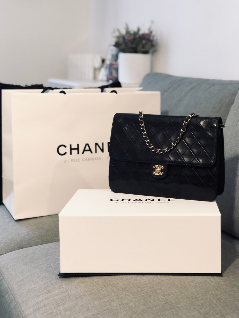 Il y a plusieurs années j’ai eu ce Timeless vintage pour mon anniversaire (j’avais fait une affaire de folie car je l’avais trouvé pour 6 ou 700€ sur Ebay.com) mais je l’ai peu porté car sa bandoulière est assez courte et le système de fermeture faisait tout le temps des siennes. Je l’ai déposé au SAV Chanel fin septembre pour qu’ils me changent le fermoir (ça m’a couté 95€, c’est correct) et je l’ai récupéré début décembre. Ils m’ont mis le même que sur les Timeless actuel, qui est beaucoup plus pratique. Puis j’ai moi-même rajouté une chaine style Chanel plus longue donc maintenant j’ai l’impression d’avoir un tout nouveau sac et je vais pouvoir m’en servir un maximum !
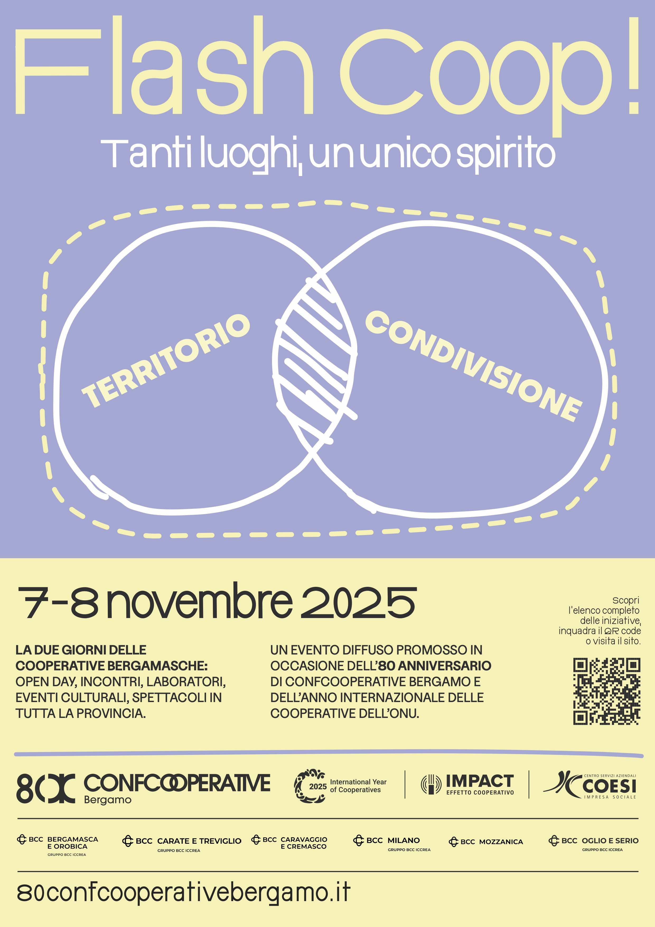 Venerdì 7 e sabato 8 novembre il territorio orobico sarà attraversato da Flash Coop!, la due giorni delle cooperative bergamasche. Un evento diffuso che raccoglie laboratori di economia circolare e sostenibilità ambientale, mostre e percorsi artistici inclusivi, convegni e momenti formativi, spettacoli teatrali ed eventi musicali. Il tutto organizzato dalle cooperative aderenti a Confcooperative Bergamo e promosso in occasione dell’80° anniversario dell’associazione e dell’Anno Internazionale delle Cooperative ONU.
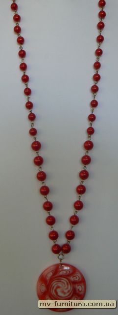 »  »  »  » Бусы цепи серебро №145 жемчуг красный пластина застежка (38см)
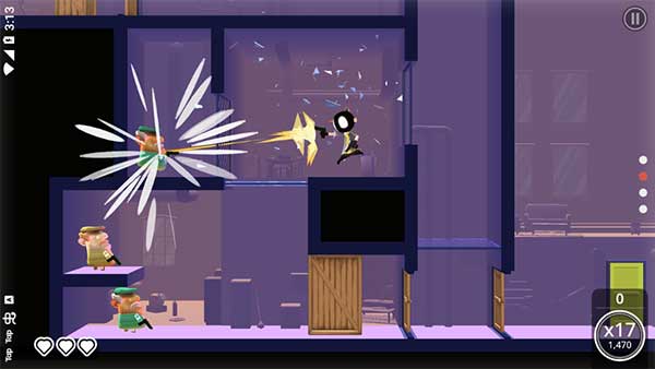 游戏采用创新的触控操作方式,通过手指滑动控制角色移动和跳跃方向。长按屏幕可以进入慢动作模式,这时可以更精准地规划攻击路线和射击角度。
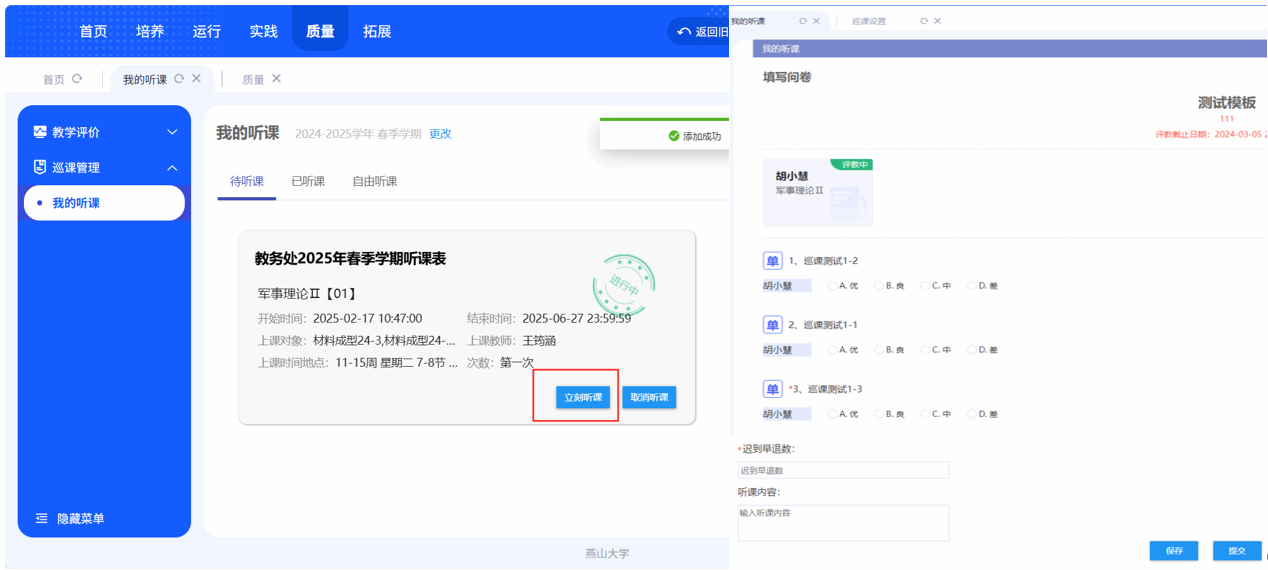 (2)【我的听课】【待听课】中,选择课程右侧【立即听课】按钮中后,会跳转到听课表页面,问卷可以暂存或提交。【已听课】可以看到当前学年学期的听课记录。
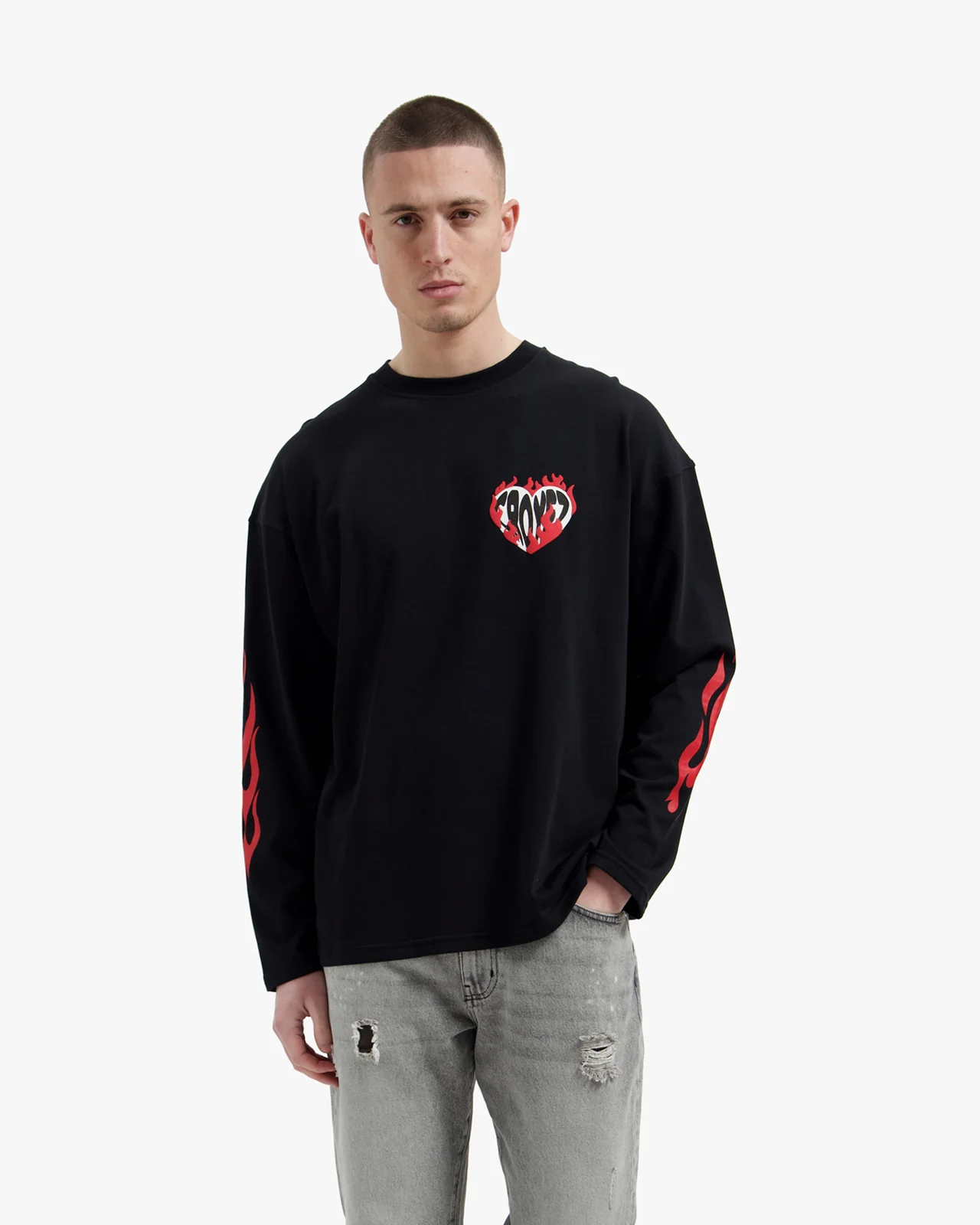 Heren > Croyez Heren > Croyez Heart On Fire Longsleeve T-Shirt Heren Zwart
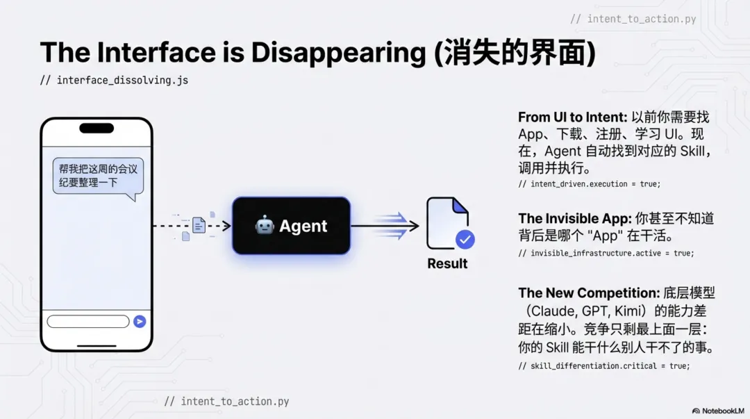 那篇闭门会的文章里面的讨论,有人说得很直白:”未来绝大多数产品都会Agent化或者 Skill化。开发者不再需要维护UI界面,只需要提供能力,做好被发现、被调用的机制。”
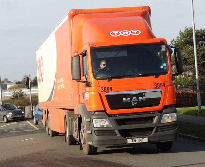 TNT have started to put cherry plates onto some of their newer vehicles and currently they have 13 such registered lorries. Pictured here is T6 TNT at Exeter services recently.The photo is courtesy of and copyrighted to John Hatch.
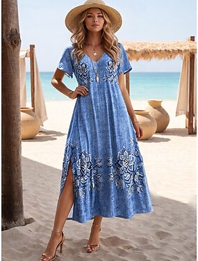 Femmes Robe maxi Robe trapèze Occasionnel Quotidien Coupe régulière Fleuri Graphique Manche Courte Col en V Bleu Été Printemps
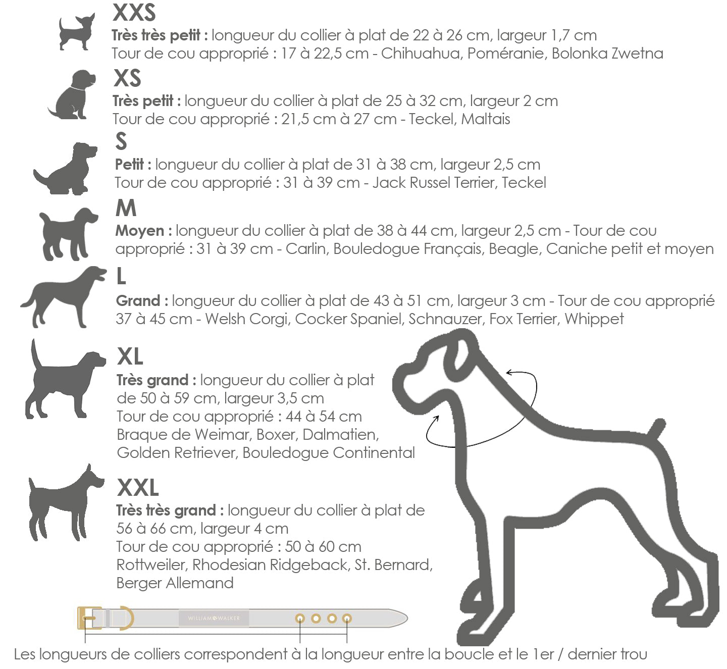 Les tailles indiquées pour cette gamme de colliers ne concernent pas le tour de cou de votre chien ! Il s'agit de la taille du collier posé à plat, de la boucle au premier/plus petit trou et de la boucle au plus grand/dernier trou du collier. C'est donc la longueur du collier et non la circonférence du cou de votre chien qui est surveillé.
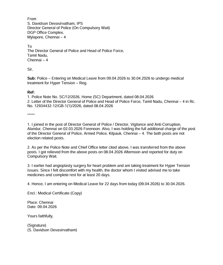 இதன் காரணமாக, ஏப்ரல் 9-ம் தேதி முதல் ஏப்ரல் 30-ம் தேதி வரை மொத்தம் 22 நாட்களுக்கு அவர் மருத்துவ விடுப்பில் செல்ல அனுமதிக்கும் வகையில் தமிழக காவல்துறை தலைமை இயக்குநருக்கு (DGP) கடிதல் எழுதி உள்ளார். இதற்கான மருத்துவச் சான்றிதழ்களையும் அவர் இணைத்துள்ளார்.
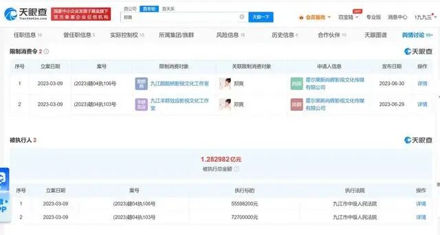 据风险信息显示,此前郑爽及两工作室已因上述案件被强制执行约1.28亿元。
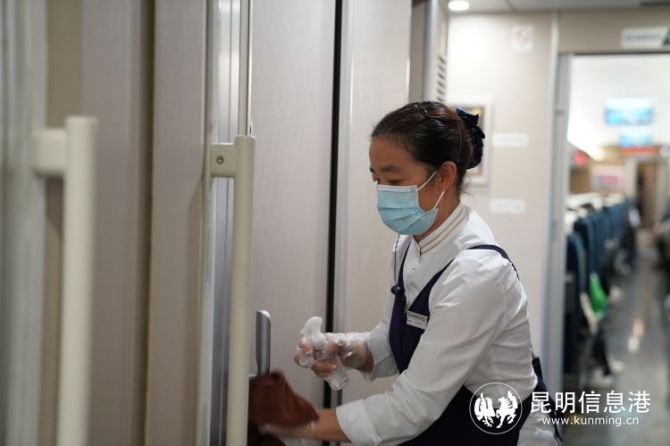 昆明局集團(tuán)對(duì)每一列抵達(dá)昆明的列車進(jìn)行全列預(yù)防性消毒工作,各車站組織相關(guān)人員進(jìn)行24小時(shí)值守,在每日作業(yè)開始前、中午、結(jié)束后分別對(duì)車站進(jìn)出站口、候車室、站臺(tái)等公共區(qū)域進(jìn)行2至3次全面消毒;定時(shí)對(duì)售取票機(jī)、電梯扶手按鈕、垃圾桶等設(shè)備進(jìn)行消毒;在進(jìn)出站口、站臺(tái)等區(qū)域設(shè)置隔離觀察區(qū),在售票窗口、檢票口、安檢、實(shí)名驗(yàn)證通道設(shè)置 “一米線”標(biāo)識(shí),為旅客營造安全、優(yōu)質(zhì)的出行環(huán)境。
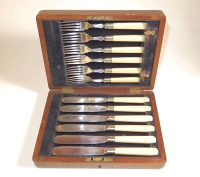 Title (ebay affiliate link): NICE 19TH CENTURY CASED SET OF 6 PAIRS OF CUTLERY WITH SILVER COLLARS

+ + + + +

*What you will do*. Above are entries with pictures among them. Write out exactly the lines from the one containing "TNT have started" through the one containing "Femmes Robe maxi", ends included, and leave those pictures out.

*Solution for this task*.
 TNT have started to put cherry plates onto some of their newer vehicles and currently they have 13 such registered lorries. Pictured here is T6 TNT at Exeter services recently.The photo is courtesy of and copyrighted to John Hatch.
 Femmes Robe maxi Robe trapèze Occasionnel Quotidien Coupe régulière Fleuri Graphique Manche Courte Col en V Bleu Été Printemps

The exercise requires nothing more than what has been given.